The partial dollarization of the Cuban economy, which includes the opening of stores that only accept dollars, exacerbates social inequalities as a large portion of the population does not have access to this currency and continues to receive their salary in national currency. This has created a parallel market that leaves many citizens on the sidelines.
What payment methods does the Infanta and Santa Marta store in Havana accept?
The Infanta and Santa Marta store no longer accepts payments in freely convertible currency (MLC). Now, payments can only be made with VISA, MasterCard, MIR cards, and prepaid cards issued by BANDEC, AIS, Viajero, and Clásica, the latter offering a 5% discount on purchases.
What impact does the opening of dollar stores have on the informal currency market in Cuba?

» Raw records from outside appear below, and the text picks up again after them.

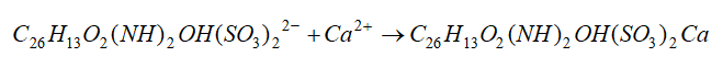 按Wiff發(fā)色基團(tuán)學(xué)說(shuō),染料的顏色取決于其分子結(jié)構(gòu)。醌式環(huán)是酸性媒染藍(lán)黑B染料的發(fā)色基團(tuán),分子中—OH、—SO3H是酸性助色團(tuán),分子中—NHR是堿性助色團(tuán),該染料分子結(jié)構(gòu)中共軛鏈很長(zhǎng)、加上苯環(huán)數(shù)量達(dá)5個(gè)之多、分子量大(518.8), 特別是助色基團(tuán)多,顏色得以加深。該酸性染料易溶于水,碳酸鈣漿液中游離的Ca2+與染色劑分子之間發(fā)生如下反應(yīng):
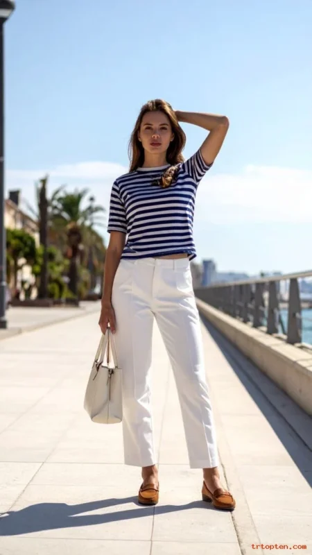 A Breton stripe top feels classic and coastal without looking costume-like. White trousers make the outfit look fresh and clean.
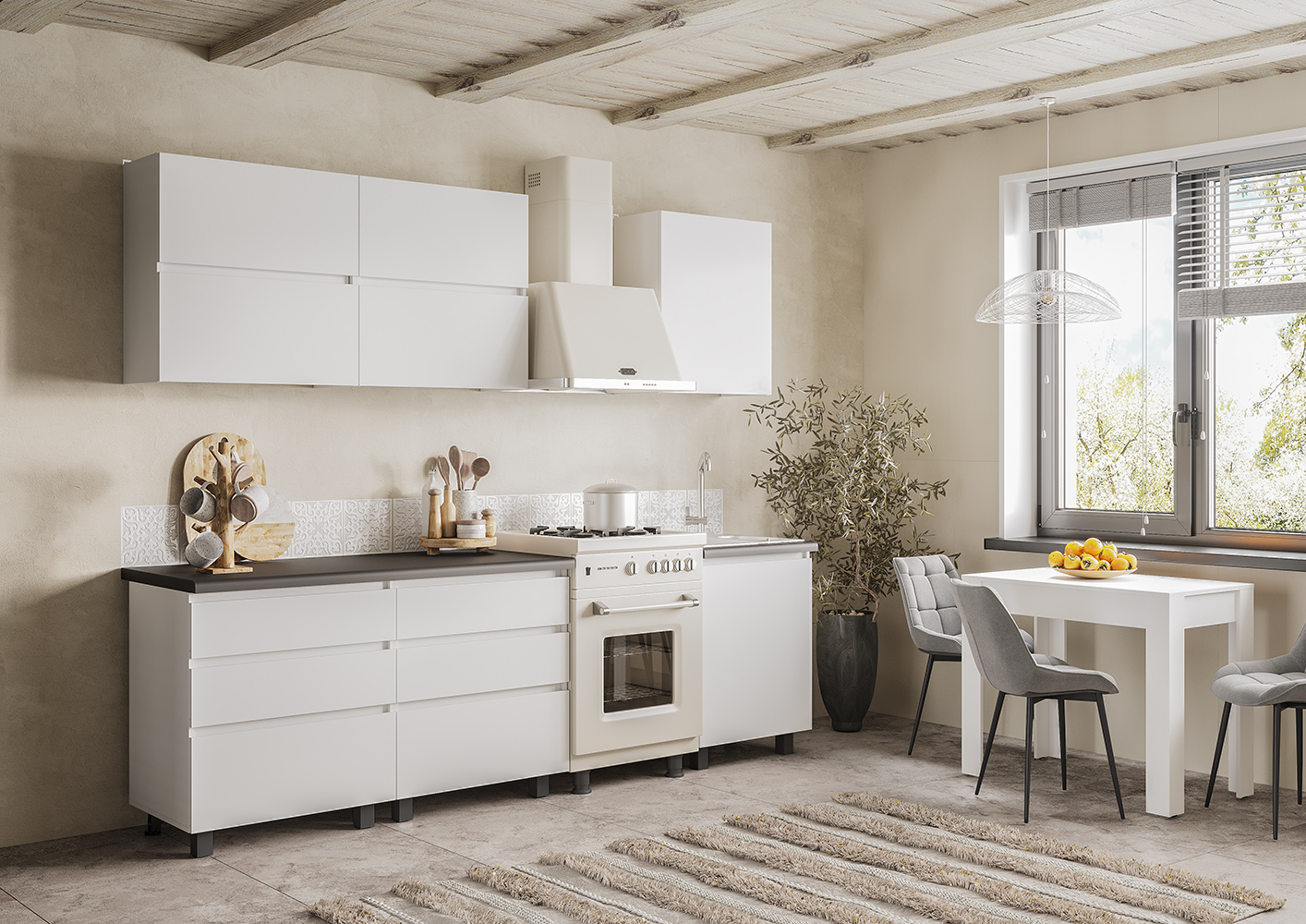 Кухня Арника Лайт в светлых оттенках – это стильное решение для современного дома. Универсальный дизайн готовой кухни Арника Лайт позволяет гармонично вписать ее в любой интерьер. Данная модель подойдет и для городской квартиры, и для загородного дома в классическом стиле.

The opening of stores that only accept dollars has increased the demand for this currency, causing a rise in the exchange rates of the informal market. This phenomenon directly impacts Cuban citizens, who face difficulties accessing the foreign currencies needed to purchase basic products.
What is the strategy of the Cuban government regarding the partial dollarization of the economy?
The Cuban government has implemented the partial dollarization of the economy as a strategy to reorganize key sectors and attract foreign currency. This measure aims to allow more flexibility in the use of foreign currency for specific economic activities, such as tourism and foreign trade, in an attempt to manage the impact of the informal exchange market and generate income amid the economic crisis.